Starring: Daniel Radcliffe, Rupert Grint, Emma Watson, Jim Broadbent, Helena Bonham Carter
Writers: Steve Kloves (screenplay), J.K. Rowling (novel)
Country: UK | US
Company: Warner Bros. Pictures
Plot
IN Harry Potter's sixth year at Hogwarts School of Witchcraft, Harry finds a book marked mysteriously, "This book is the property of the Half Blood Prince," which helps him excel at Potions class. Meanwhile, Harry is taking private lessons with Dumbledore in order to find out about Voldemort's past so that they can discover what might be his only weakness.
Review
Harry Potter and the Half-Blood Prince suffers from what I call "setup syndrome," meaning that much of its plot and energy is devoted not to telling a self-contained story but to establishing threads that will have a payoff in a future installment. As a result, there's little doubt that The Half-Blood Prince will fare better when the entire series is available. At this point, however, it has an incomplete, unfocused feel. It is easily the least structured of the movies. Fortunately, it ends with a bang, both in terms of visual and emotional impact. The final half-hour is good enough to make one forgive the somewhat meandering nature of the two hours that precede it.
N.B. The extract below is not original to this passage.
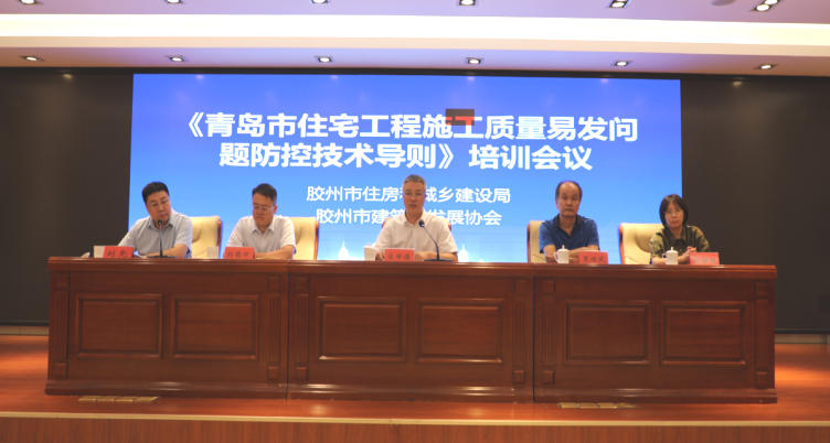 9月12日上午,膠州市住建局聯(lián)合膠州市建筑業(yè)發(fā)展協(xié)會(huì)在全國(guó)第48個(gè)“質(zhì)量月”活動(dòng)開展之際,組織召開住宅工程施工質(zhì)量易發(fā)問題培訓(xùn)會(huì)。膠州市住建局黨組成員、副局長(zhǎng)宋世謙,建筑工程質(zhì)量科科長(zhǎng)劉德升,中啟膠建集團(tuán)總工程師黑增武,副總工程師劉姍姍以及全市施工企業(yè)質(zhì)量技術(shù)負(fù)責(zé)人、項(xiàng)目經(jīng)理、項(xiàng)目質(zhì)量技術(shù)負(fù)責(zé)人,監(jiān)理企業(yè)質(zhì)量技術(shù)負(fù)責(zé)人等180余人參加培訓(xùn)。會(huì)議由膠州市建筑業(yè)發(fā)展協(xié)會(huì)秘書長(zhǎng)劉堯主持。
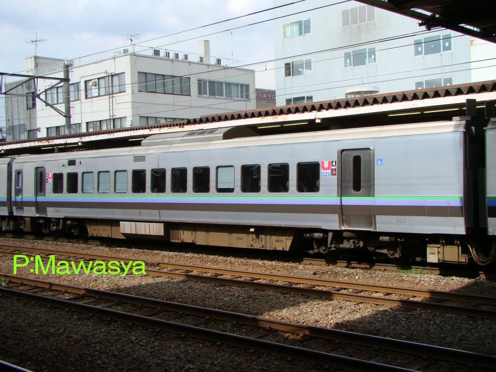 函館(旭川)方の制御車。電動空気圧縮機、補助電源装置を搭載しています。車内はグリーン席と普通席の合造車で、後位側に車内販売準備室、車いす対応トイレ、洗面所の設備があります。

James Berardinelli, ReelViews
CAPTIVATING from the first frame, this Potter feels more epic than previous films, which had a less mature, more madcap quality. Yates finds an artful way to meld the teenage romance and inherent humor with a sense of impending doom.
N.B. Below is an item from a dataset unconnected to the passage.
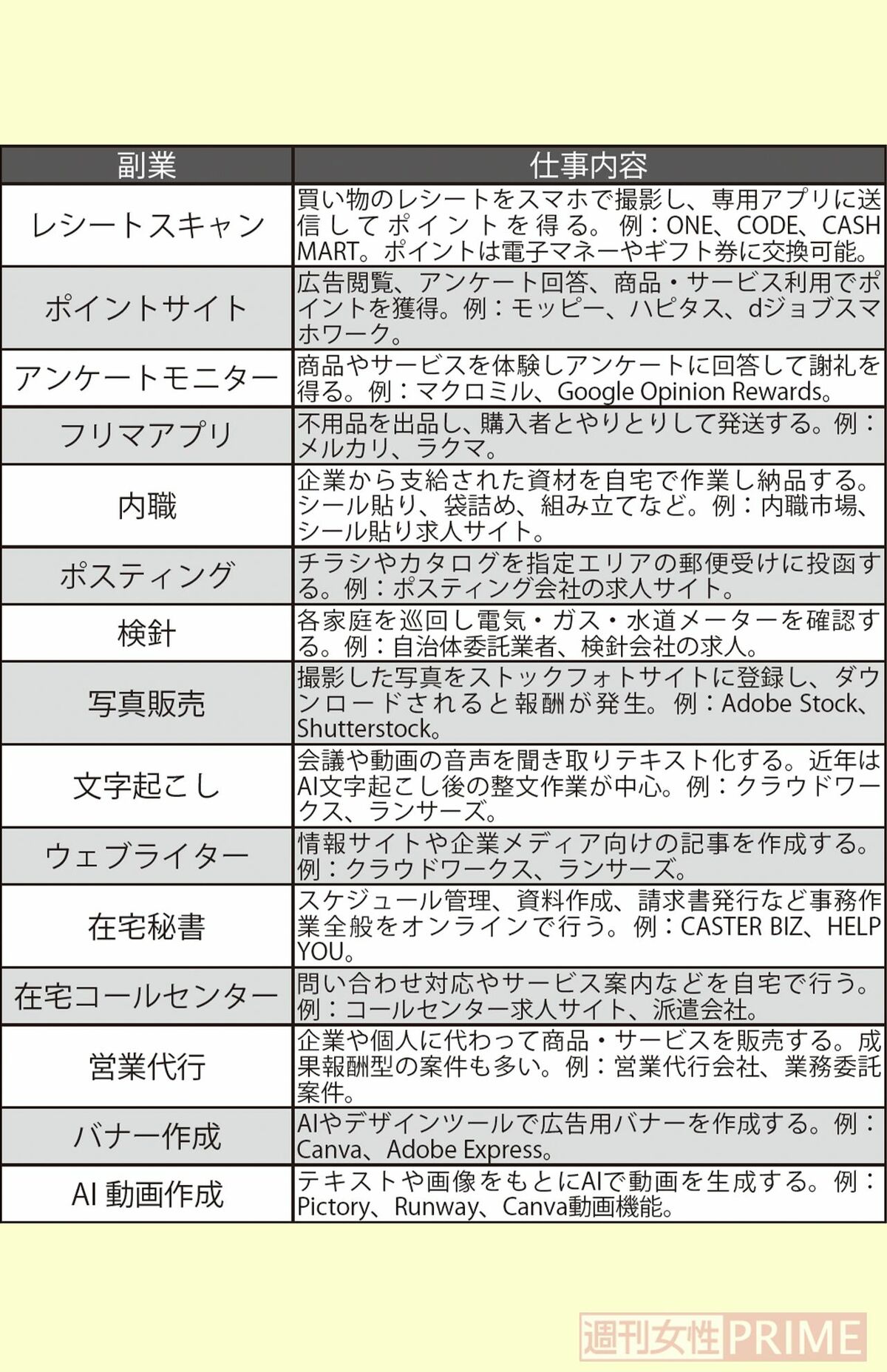 ライフ 2026/1/31 スマホひとつ、30分の『すき間副業』で月3万円!「短時間で会社員並み」プロが教える効率化のカギは“AI活用” マネー副業お金アルバイトスマホ派遣ポイ活家計 印刷 [写真 1/6枚目] ※写真はイメージです [写真 2/6枚目] 「内職は私も経験があり、段ボール1箱分シール貼りを行って1000円ほどもらえました。時給換算するとかなり安いですが」(野川さん)※写真はイメージです [写真 3/6枚目] フリマアプリでスニーカーや小物にペイントを施して売ったり、裁縫が得意な人は幼稚園で必要なレッスンバッグの制作代行をして販売する人も ※写真はイメージです [写真 4/6枚目] おすすめの「すき間副業」 [写真 5/6枚目] 野川ともみさん●2人目の出産を機に専業主婦となるが、在宅ワークという働き方を知り、オンライン秘書として復職。その後、在宅で起業し、現在はコンサルティングと広告代理店業である株式会社アトラクト、RIDE株式会社の2社を経営。女性コミュニティー「女性の生き方応援レシピ CheUP!」を主宰。 [写真 6/6枚目] ※写真はイメージです この写真の記事へ戻る
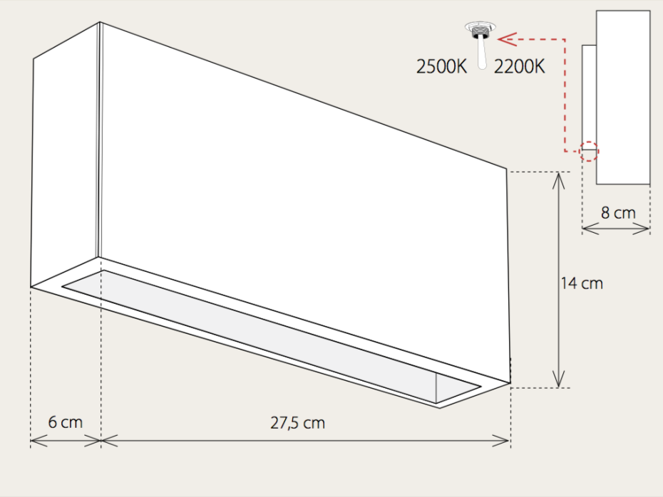 De Q-Bri wandlampen zijn verkrijgbaar 2 verschillende lengtes, nl de Q-Bri Small is 22,5cm lang en de Q-Bri classic meet 27,5cm.

Harry Potter and the Half-Blood Prince conveys some of the rich texture and depth of J.K. Rowling's book, but it takes a lackluster turn at the end. In a key scene, Harry is rendered more ineffectual than his literary counterpart as a result of plot revisions. Presumably Yates decided on a less-is-more finale by underplaying the book's climactic tragedy, perhaps because readers already had been rocked by the event. Though this makes sense, it leaves the die-hard fan with a sense of anticlimax.
Claudia Puig, USA Today
HARRY Potter and the Half-Blood Prince isn't the most action-packed Harry Potter film, but what it lacks in thrilling scenes of magical maneuverings, it makes up for in character development and emotional depth. The visual effects, while stunning, do not overwhelm and slip unobtrusively into scenes.
Rebecca Murray, About.com
IN appearance and tone, Harry Potter and the Half-Blood Prince is much more stylishly gothic than the earlier films. It oozes doom. Violins shimmer dissonantly; storm clouds gather ominously; Hogwarts, for once, looks like the gray and forbidding castle it always was.